# [solved] Probleme mit dem "Bildschirm sperren" unter KDE 4

## Gladdle

Ich habe Probleme mit der Option "Bildschirm sperren" (KDE 4), er akzeptiert mein Passwort nicht. Zuerst dachte ich es läge am Tastaturlayout, aber selbst wenn ich das Passwort im Zwischenspeicher habe und mit [STRG] + [V] eingebe bringt er einen Fehler. Gibt es irgendwo Logs? Oder Berechtigungen das nur root das darf? Ich habe gegoogelt, aber es kommt echt nur Mist raus. Und das Problem empfinde ich als extrem störend, ich sperre meine PCs grundsätzlich wenn ich weggehe.Last edited by Gladdle on Sun May 23, 2010 12:27 am; edited 1 time in total

----------

## Josef.95

Hi

Ich würde auch am ehesten vermuten das es an einem Wechsel des Tastaturlayouts liegt, das würde zb auch mit erklären warum es mit dem einfügen via Strg+V auch nicht klappt, denn es bleibt ja in deutsch(?!)

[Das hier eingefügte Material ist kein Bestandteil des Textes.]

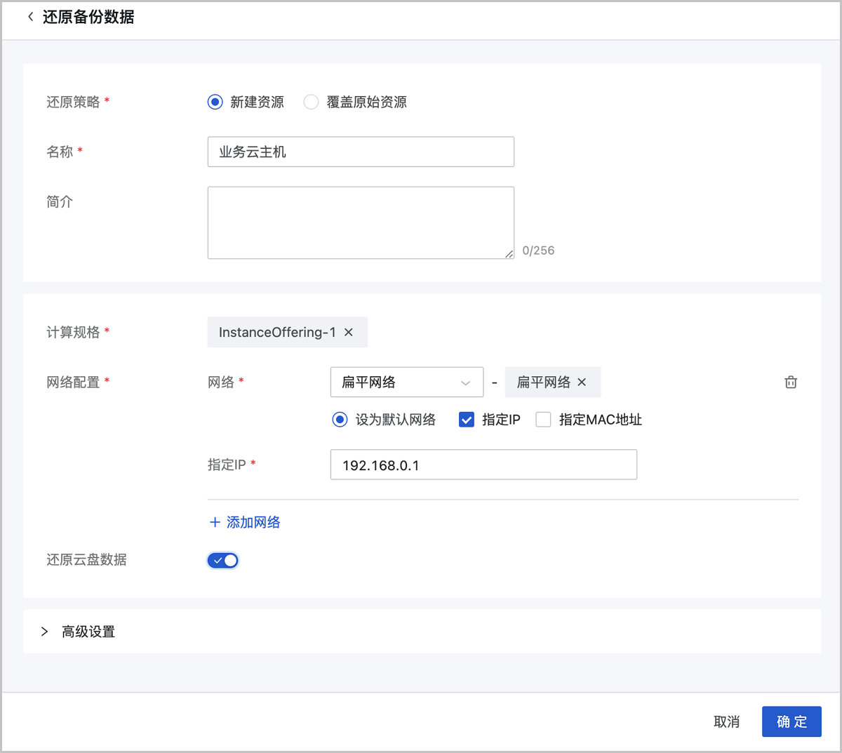 | 备份网络 | 192.168.0.0/24 |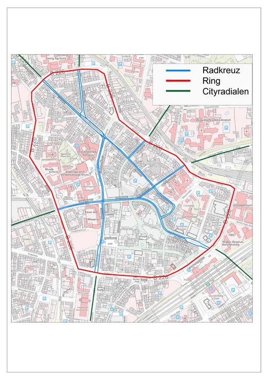 Das Radkreuz sind Radwegeverbindungen innerhalb des Innenstadtringes, die die Cityradialen und zukünftig auch die Velorouten auf kürzestem Weg verbinden.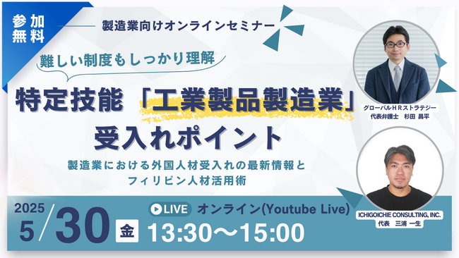 ICHIGOICHIE CONSULTING, INC.(本社:フィリピン、代表取締役:三浦一生)は、2025年5月30日(金)製造業企業の人事ご担当者様や、製造業の外国人材雇用に携わる方向けに、工業製品製造分野における特定技能制度に関するオンラインセミナーを開催いたします。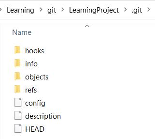 Once successfully initialized, git, will create a hidden directory in your working directory called “.git” and a new folder with your defined project name will be created. In our case, it will be “LearningProject”.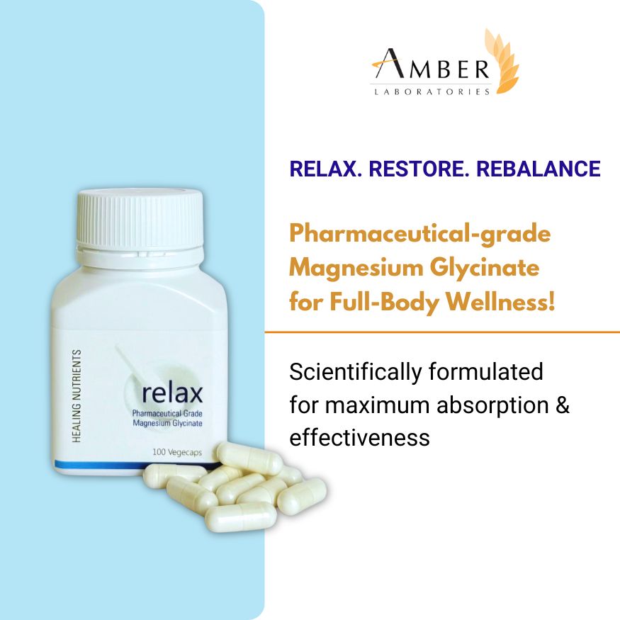 Relax is a high-quality magnesium glycinate supplement formulated for superior absorption and gentle digestion. Magnesium is an essential mineral involved in over 300 biochemical reactions in the body, supporting muscle function, nerve signalling, energy production, and cardiovascular health.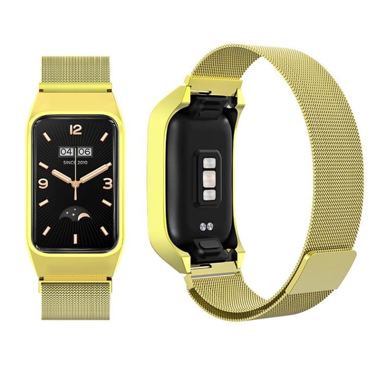 Correa de reloj magnética milanesa de acero inoxidable integrada para Xiaomi Mi Band 7 Pro (dorada)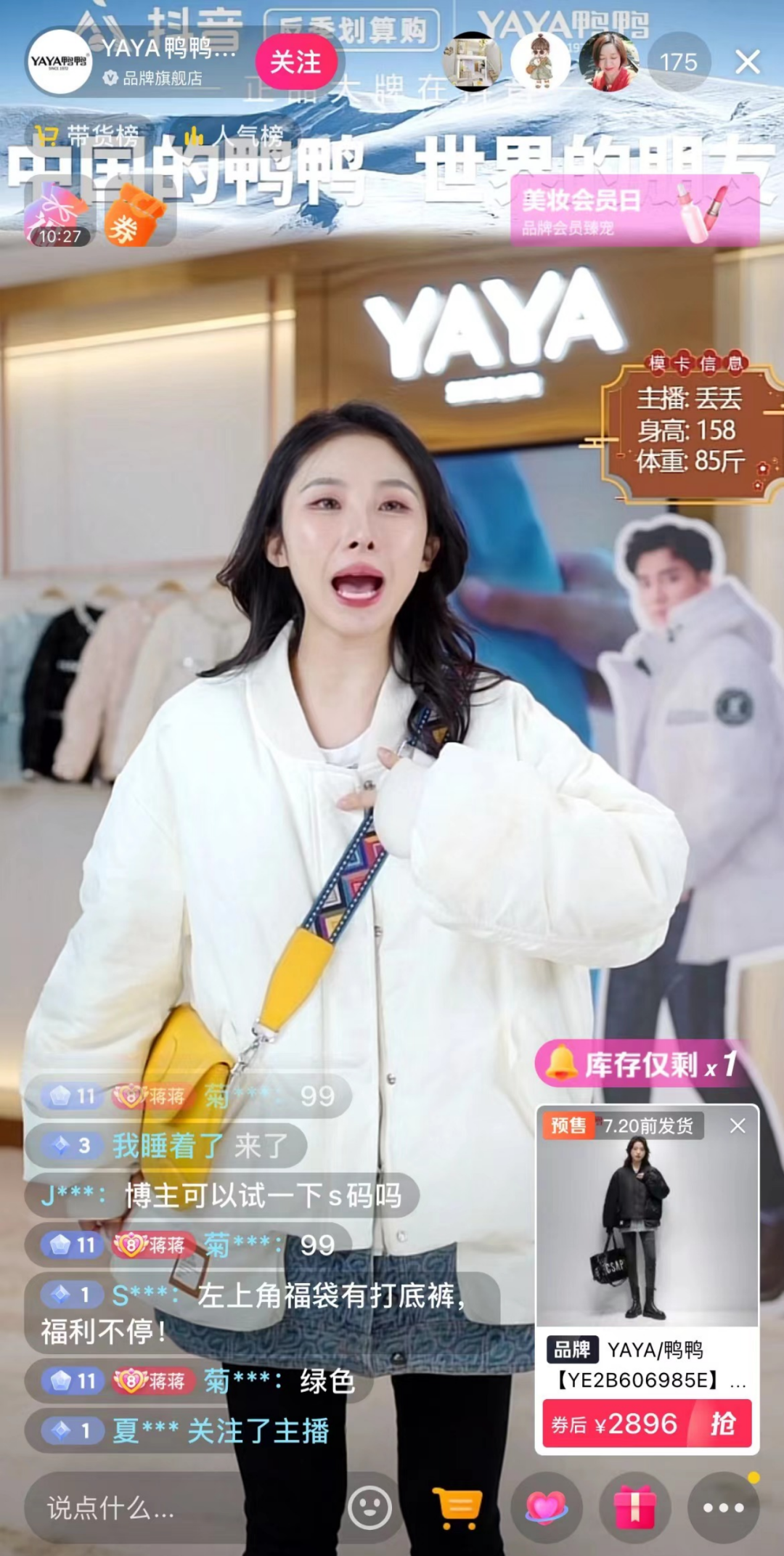 鸭鸭羽绒服是在抖音转型最成功的老品牌之一,在去年雪山直播爆火后,鸭鸭羽绒服为这些老品牌们打了个样,现在鸭鸭的抖音直播中,自播和达播的比例达到了7:3,也就是说,有70%的GMV都是靠品牌自播。
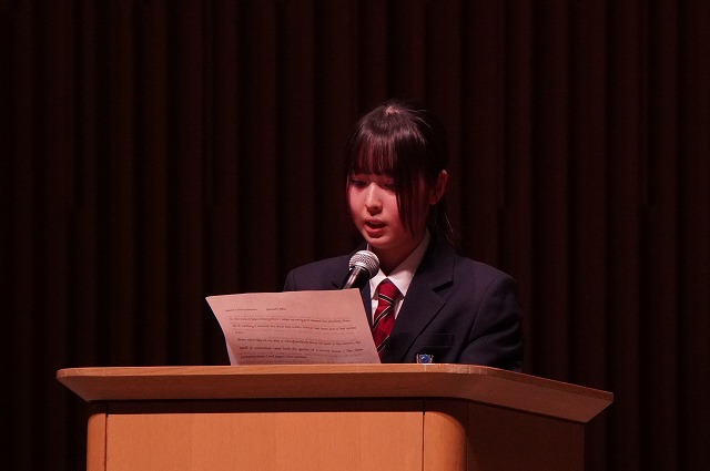 ▲「英語版 青年の主張」では、短期留学で学んだことや好きな漫画の魅力など、生徒たちが感じていることを英語で生き生きとスピーチしていました。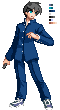 例として志貴のドットを見てみましょう。志貴のドットのうち制服の下と靴紐・靴底、小刀と髪色のパレットは同じものを使っています。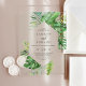 The design features an exotic array of green watercolor banana palm tree leaves, ferns, foliage, botanical plants and greenery for a tropical summer feel.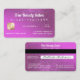 This is the perfect business card for a trendy, stylish, girly, and modern businesswoman. This design features a glamourous and chic faux printed diagonal sparkly dark magenta-purple glitter and bright magenta-purple ombre gradient design in the cute, unique, and clever style of a credit card. It's the perfect way to promote your business to potential customers.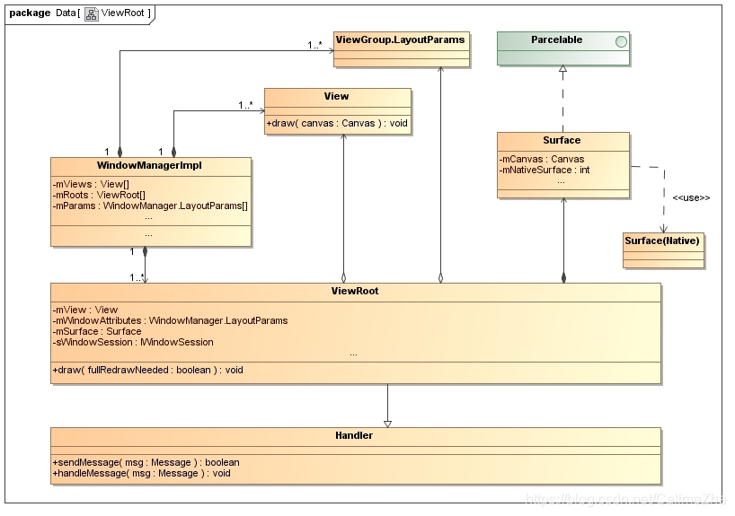 IWindowSession.Stub.Proxy类的成员函数relayout获得了从WindowManagerService服务返回来的一个绘图表面,即一个Java层的Surface对象之后,就会将它的内容拷贝到参数outSurface所描述的另外一个Java层的Surface对象中,这里通过调用Surface类的成员函数readFromParcel来实现的。注意,参数outSurface所描述的这个Java层的Surface对象是在应用程序进程这一侧创建的,它的作用是用来绘制应用程序窗品的UI。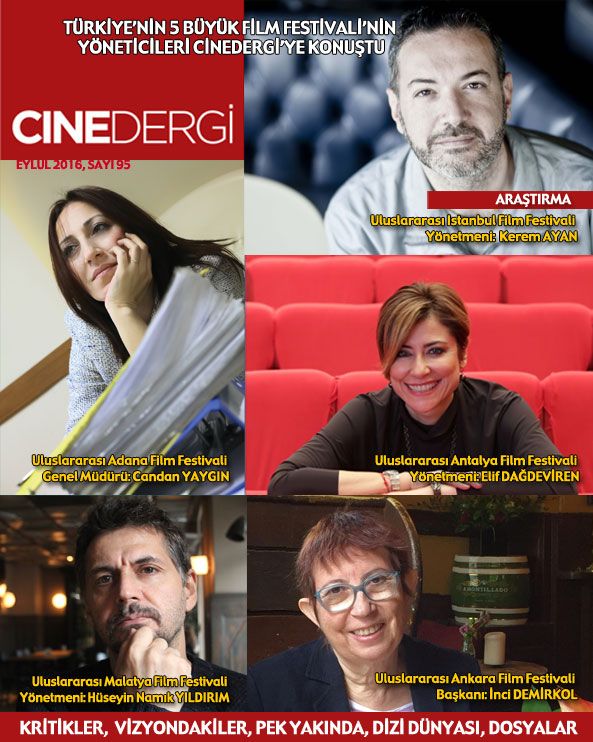 İnternetin en kapsamlı sinema dergilerinden biri olan Cinedergi, 95. sayısıyla da sinema gündeminin nabzını tutuyor. Yeni sayıda Cinedergi, sezonun yeniden başlaması, festivallerin arka arkaya sıralanmasıyla birlikte film festivallerini yöneten 5 festival yöneticisine Semra Güzel Korver, 5 soruyla mikrofon uzatıyor.

also zb ein Z würde bei einem Wechsel zum Y usw...

Denn bei einigen Leuten scheint es genau diesen Wechsel beim Bildschirm sperren zu geben, siehe zb

kde4 bildschirm sperren, mal auf deutsch mal auf englisch (bisher leider ungelöst)

Würde es denn klappen wenn du dein Passwort passend für ein englisches Keyboard Layout eingibst?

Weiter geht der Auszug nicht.